Alors que s’éteint peu à peu la collusion inutile minimale vs. mélodie, nous est parvenue une série de disques magiques courant 2007, pour définir une troisième voie, dans les formes et les couleurs que devrait prendre la techno en 2008. On a pu ainsi entendre l’odyssée Balance 012 de Lee Burridge travailler les ambiances au kilomètre, les boucles hyper-mélodiques de citar chez Villalobos, les percussions éloquentes de Gabriel Ananda ou la disco sans futur de Thomas Melchior.
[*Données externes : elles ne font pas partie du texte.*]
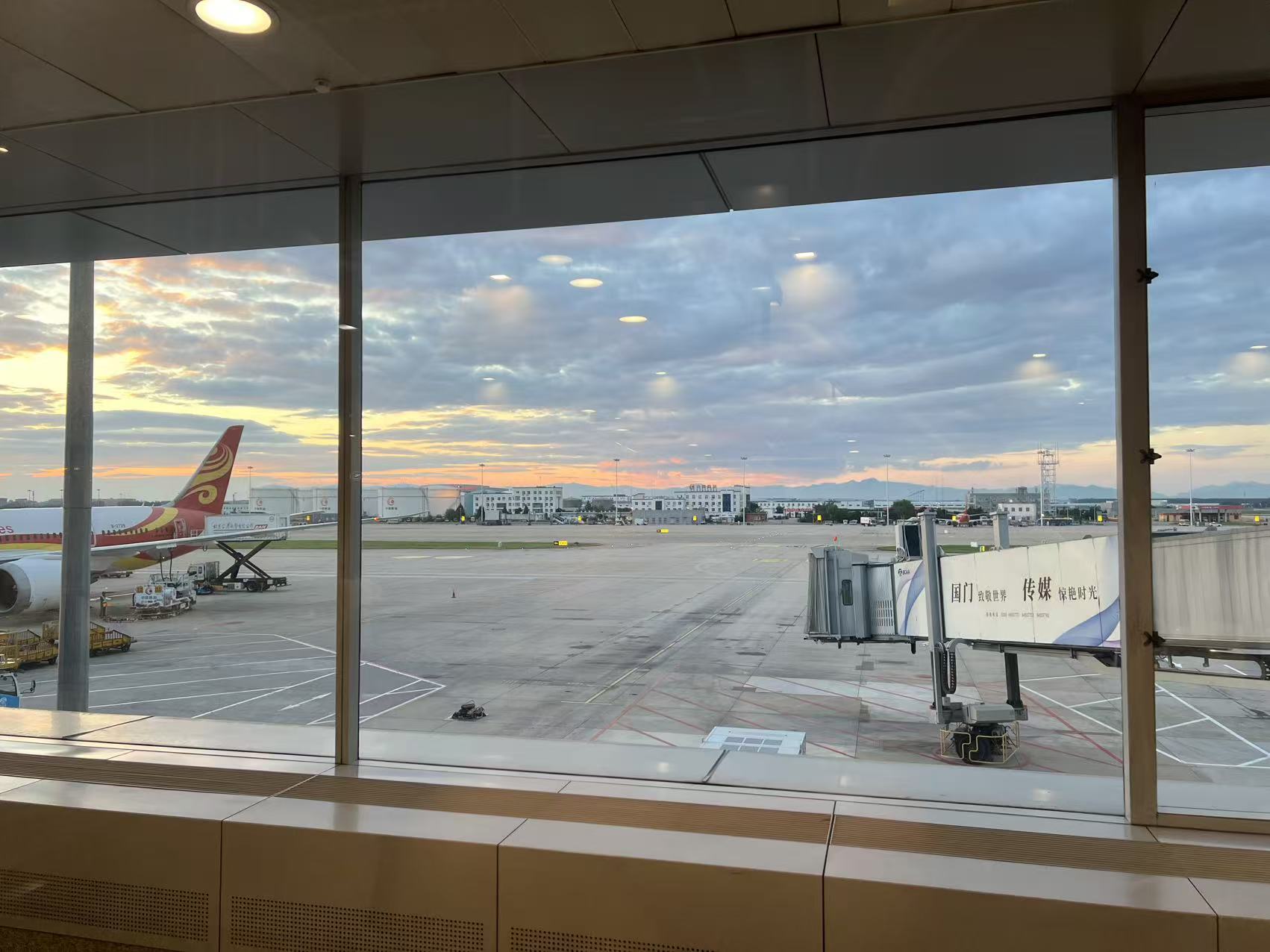 首都机场T2航站楼,镜头视角很像美国旧金山机场。

Plus ambitieuses encore, les répétitions de False se sont aussi ouvertes aux torpeurs deep sur l’écrasant et bien nommé 2007, pour dégager les horizons micro des orthodoxies éprouvantes dans lesquels M_Nus s’est engagé depuis le début des années 2000. Derniers souffles de cette heureuse bourrasque, Onur Özer et Bruno Pronsato, dont les albums possédés n’en finissent plus de hanter les platines des plus grands (Hawtin, Villalobos).
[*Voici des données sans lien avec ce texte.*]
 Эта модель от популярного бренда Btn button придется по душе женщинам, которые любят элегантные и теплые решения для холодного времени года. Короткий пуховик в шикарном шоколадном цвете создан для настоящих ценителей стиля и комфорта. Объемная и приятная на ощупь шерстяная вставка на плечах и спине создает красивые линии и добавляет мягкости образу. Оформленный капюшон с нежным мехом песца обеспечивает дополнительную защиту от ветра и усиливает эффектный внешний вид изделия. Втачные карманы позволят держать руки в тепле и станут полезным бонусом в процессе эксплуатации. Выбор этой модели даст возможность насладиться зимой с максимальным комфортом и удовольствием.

D’Onur Özer, nous étaient déjà parvenues les promesses d’un Red cabaret EP, marquées de chaudes levées organiques, cordes pincées et frottées jamais entendues au delà des frontières d’Istanbul. Dans le même esprit, Kasmir se veut l’interface pure de deux mondes qui s’ignorent : le traditionnel et le club. De jour, ce sont ainsi les choeurs mystiques qui se confondent dans la liquidité de percussions orientales, respirations dub et tintements de piano (Eclipse). A contrario de nuit, les étoiles sont voilées par d’épais aquariums de fumées rouges, entre lesquels se dégagent quelques pulsations en infra, pour prendre au bassin, agresser et détruire la pensée à renforts de synths stab et cuivres assassins (Innervoice). Le fort d’Onur Özer : écraser des matières rebattues avec une sensibilité autre que la rigidité techno des motors de Detroit -ici des toms moites frappent en souplesse à côté des articulations 4/4, les carillons survolent un horizon désert de mélodies, chargé en atmosphères de plomb et traînées de sables aveuglantes (Sahara).
A l’autre bout de la planète, Steven Ford aka Bruno Pronsato s’est pareillement élevé au delà du Seattle pour touristes et de ses guitares bûcheronnes pour en extraire un langage neuf, de monstruosités volées au savant Rakjö Muller et râles de créatures sous acide. Why cant’ we be like us ? interroge sur l’écoute de soi, la différence, et le rapport aux autres – rappelant en cela au souvenir du mal-être adolescent des 90’s, pour le moral dans les chaussures (At home I’m a tourist), et l’oreille aux superpositions de guitares compressées. La différence étant qu’aujourd’hui la torture s’applique aux percussions: éjectés tout autour de micro motifs house, quelques tortueux labyrinthes de blips aquatiques et tubulaires font leur chemin sur des fingerclaps et escalades de toms africains (Gato y medio). D’autres pièces mutantes, comme An ill collage, multiplient les petits bruits d’égout avant de se fondre en d’improbables arpèges nocturnes. What we wish fait réciter le désabus d’une femme (Te Gusta / I wish), sur quelques accords de pianos qui bouclent comme un disque rayé. Et toujours, à chaque nouveau numéro de piste, une même douleur profonde à admirer les agencements spectaculaires de sons inconfortables (ces pianos qui jouent faux, cordes de basse fracturées et houles de sonars filtrés) sur un groove increvable.
Why can’t we be like us ? est presque en cela un disque de monstres, une galerie d’anomalies génétiques dont l’étrangeté fascine autant après la quinzième écoute, mais dont il faut également entendre le râle poignant de créature bien vivante, et le coeur battre sous une poitrine artificielle. Vous verrez au sortir des clubs, un peu comme un mauvais cauchemar dont on a le souvenir un lendemain matin, vous en échapperez terrifié et meurtri.